For an all-powerful god who can create an entire universe exactly how he wishes with just a word, there is no deed which is any more difficult than any other deed. They are exactly as trivial. Anything he does for you is no more difficult or meaningful than not doing it at all. Bestowing personalized, laser-engraved titanium tablets to each and every human on Earth is no more difficult than producing stone tablets... or doing nothing at all.

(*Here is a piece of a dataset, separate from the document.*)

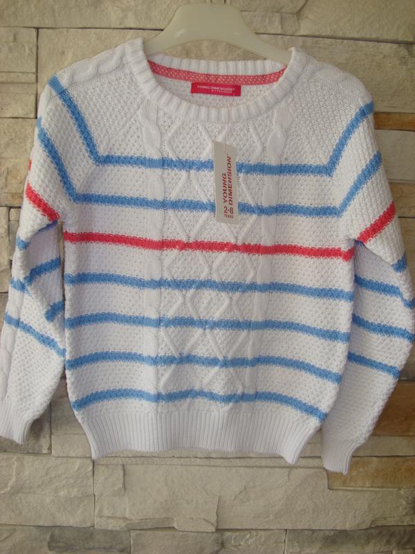 Стильный и модный свитер для девочек от Primark Ирландия. Всегда актуальная полоска! Классическая вязка - косы! Приятная ткань! Отличное качество!! Размер в наличии: 6 - 7 лет (рост 122 см)
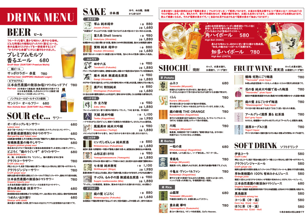 や焼酎、自然派ワインとのマリアージュを楽しめます

Instead, we get crap like this.

And the Lord said unto Moses, Come up to me into the mount, and be there: and I will give thee tables of stone, and a law, and commandments which I have written; that thou mayest teach them.
And he gave unto Moses, when he had made an end of communing with him upon mount Sinai, two tables of testimony, tables of stone, written with the finger of God.
And the Lord repented of the evil which he thought to do unto his people.
And Moses turned, and went down from the mount, and the two tables of the testimony were in his hand: the tables were written on both their sides; on the one side and on the other were they written.
And the tables were the work of God, and the writing was the writing of God, graven upon the tables.
And when Joshua heard the noise of the people as they shouted, he said unto Moses, There is a noise of war in the camp.
And he said, It is not the voice of them that shout for mastery, neither is it the voice of them that cry for being overcome: but the noise of them that sing do I hear.
And it came to pass, as soon as he came nigh unto the camp, that he saw the calf, and the dancing: and Moses' anger waxed hot, and he cast the tables out of his hands, and brake them beneath the mount.
And the Lord said unto Moses, Hew thee two tables of stone like unto the first: and I will write upon these tables the words that were in the first tables, which thou brakest.
And be ready in the morning, and come up in the morning unto mount Sinai, and present thyself there to me in the top of the mount.
And no man shall come up with thee, neither let any man be seen throughout all the mount; neither let the flocks nor herds feed before that mount.
And he hewed two tables of stone like unto the first; and Moses rose up early in the morning, and went up unto mount Sinai, as the Lord had commanded him, and took in his hand the two tables of stone.
And the Lord descended in the cloud, and stood with him there, and proclaimed the name of the Lord.
And the Lord said unto Moses, Write thou these words: for after the tenor of these words I have made a covenant with thee and with Israel.
And he was there with the Lord forty days and forty nights; he did neither eat bread, nor drink water. And he wrote upon the tables the words of the covenant, the ten commandments.
And it came to pass, when Moses came down from mount Sinai with the two tables of testimony in Moses' hand, when he came down from the mount, that Moses wist not that the skin of his face shone while he talked with him.
And when Aaron and all the children of Israel saw Moses, behold, the skin of his face shone; and they were afraid to come nigh him.
And Moses called unto them; and Aaron and all the rulers of the congregation returned unto him: and Moses talked with them.
And afterward all the children of Israel came nigh: and he gave them in commandment all that the Lord had spoken with him in mount Sinai.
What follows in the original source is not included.